Roeland Hendrikx
Roeland Hendrikx Ensemble | A JOURNEY TO MANNHEIM, BUDAPEST AND KRAKAU
Tue, 29 Apr
|Aartselaar (Sint Leonarduskerk)
Clarinet and String Trio. Works by Mozart, Hummel, Penderecki and Kokai
29 Apr 2025, 20:00
Aartselaar (Sint Leonarduskerk), Laar 25/29, 2630 Aartselaar, Belgium
Info
Roeland Hendrikx Ensemble
A JOURNEY TO MANNHEIM, BUDAPEST AND KRAKAU
Nicolas Dupont, violin
Sander Geerts, viola
Sébastien Walnier, cello
Roeland Hendrikx, clarinet
Program
W.A. Mozart | Flute Quartet KV 285 (arr)
J.N. Hummel | Clarinet Quartet
R. Kokai | Quartettino (1952) C. Penderecki | Quartet(1993)
Goethe once said that the string quartet was his favorite of all instrumental music: "one hears four intelligent people entertaining themselves with each other, and believes to understand something of their conversation." Goethe may have been talking about the string quartet, but you will find exactly the samething about the clarinet quartet after this concert. Only: we have to travel for that.
We begin with works by Mozart. Today we "borrow" an older quartet that Wolfie had actually written for amateur flutist Ferdinand de Jean, whom he had met in the entourage of the Mannheim Orchestra. For this theft we need not be harshly ashamed, for Mozart declared after failing to pay that he "had to stop writing for instruments he could not actually like."
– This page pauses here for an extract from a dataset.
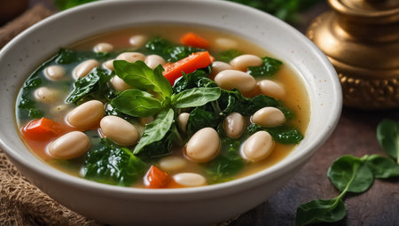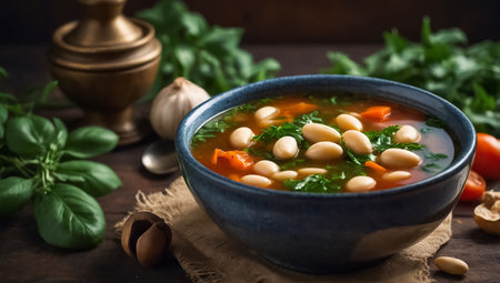A delicious bowl of kale and bean soup, showcasing vibrant ingredients in a rustic setting. Perfect for a healthy meal option that warms the soul.

Mozart passed on his talent for quartet composition to his pupil Johann NepomukHummel (1778-1837), who succeeded Haydn as Kapellmeister at the Esterházy's in Eisenstadt, on the border of Austria and Hungary. Hummel conceived Mozart in 1808 with a beautiful, highly idiosyncratic Clarinet Quartet. It is sometimes said of Hummel that he applied the subjective, the passionate, and the excessive of Romanticism to his own music some 20 years before that term came into vogue. The dramatic and surprising Clarinet Quartet is clearly a bridging work between Classicism and Romanticism, and the first movement audibly contains traces of Hummel's sometimes warm, sometimes chilly relationship with Beethoven: Hummel audibly quotes Beethoven's Eroïca, but it is not clear whether this was done out of respect, or with a parodying intent....
With Hungarian Rezső Kókai(1906-1962), we enter the 20th century, and end up in Budapest. Kókai was a (film) composer, professor of musicology, and music director of Hungarian national radio. His Quartettino(1952) for clarinet, violin, viola and cello is a jewel of neoclassical intimacy: in form it tastes of Stamitz, Mozart and Hummel, but in atmosphere it exudes Slavic rhapsodic melancholy in every phrase.
We end this trip in Krakow. Penderecki's 1993 Clarinet Quartet is rightly considered a high point in chamber music (by Penderecki). Although the entire work exudes nostalgia and Weltschmerz, the first three movements really only prepare for the imposing lament in Abschied. That final movement is a meditation on the Adagio from Schubert's String Quintet, but also a startling musical foreshadowing of the afterlife: it ends in a long, low pedal tone on the cello, which serves as the foundation for a rarefied, ethereal violin melody in the highest register.